◆ Supplied entries ◆
= = = = =
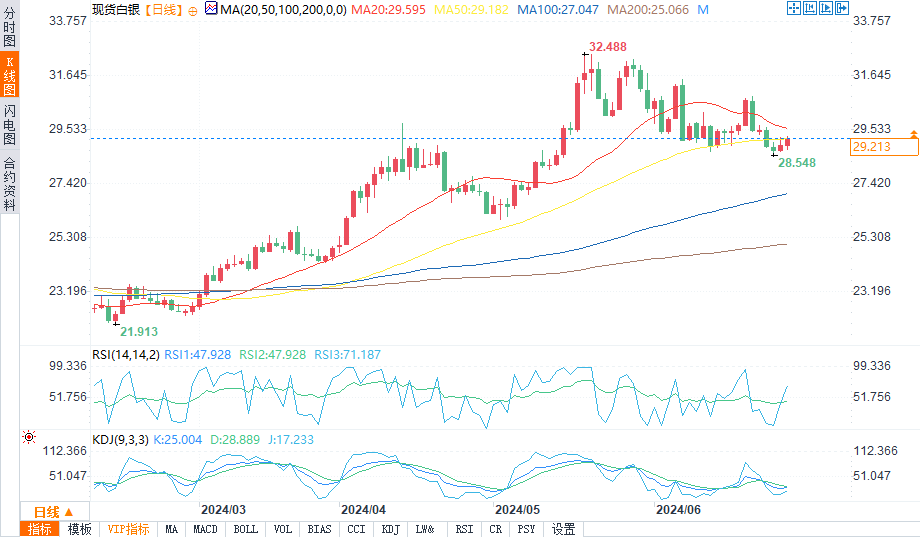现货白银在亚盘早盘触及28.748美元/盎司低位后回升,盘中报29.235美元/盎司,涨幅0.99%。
= = = = =
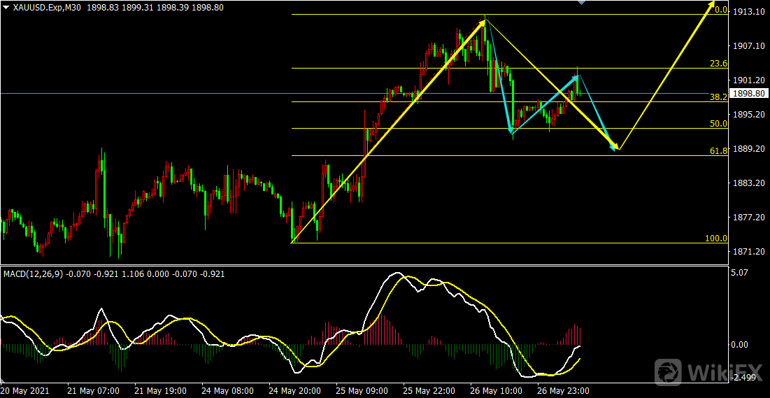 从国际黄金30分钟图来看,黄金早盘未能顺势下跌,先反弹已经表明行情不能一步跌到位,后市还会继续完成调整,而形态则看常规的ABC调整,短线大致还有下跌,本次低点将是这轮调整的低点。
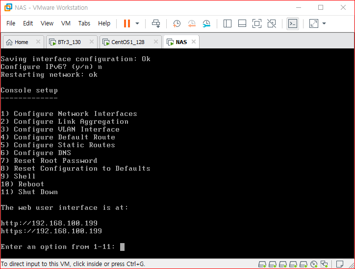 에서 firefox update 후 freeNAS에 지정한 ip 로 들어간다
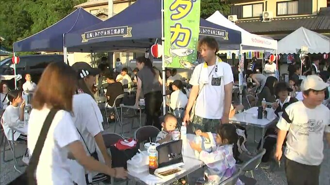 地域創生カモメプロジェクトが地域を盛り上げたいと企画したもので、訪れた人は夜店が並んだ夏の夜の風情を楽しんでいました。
= = = = =
◆ Exercise ◆
Print exactly, with no pictures, the lines above from the one that holds "에서 firefox update 후 freeNAS에 지정한 ip 로 들어간다" through the one that holds "地域創生カモメプロジェクトが", both of them included.

◆ Solved exercise ◆
 에서 firefox update 후 freeNAS에 지정한 ip 로 들어간다
 地域創生カモメプロジェクトが地域を盛り上げたいと企画したもので、訪れた人は夜店が並んだ夏の夜の風情を楽しんでいました。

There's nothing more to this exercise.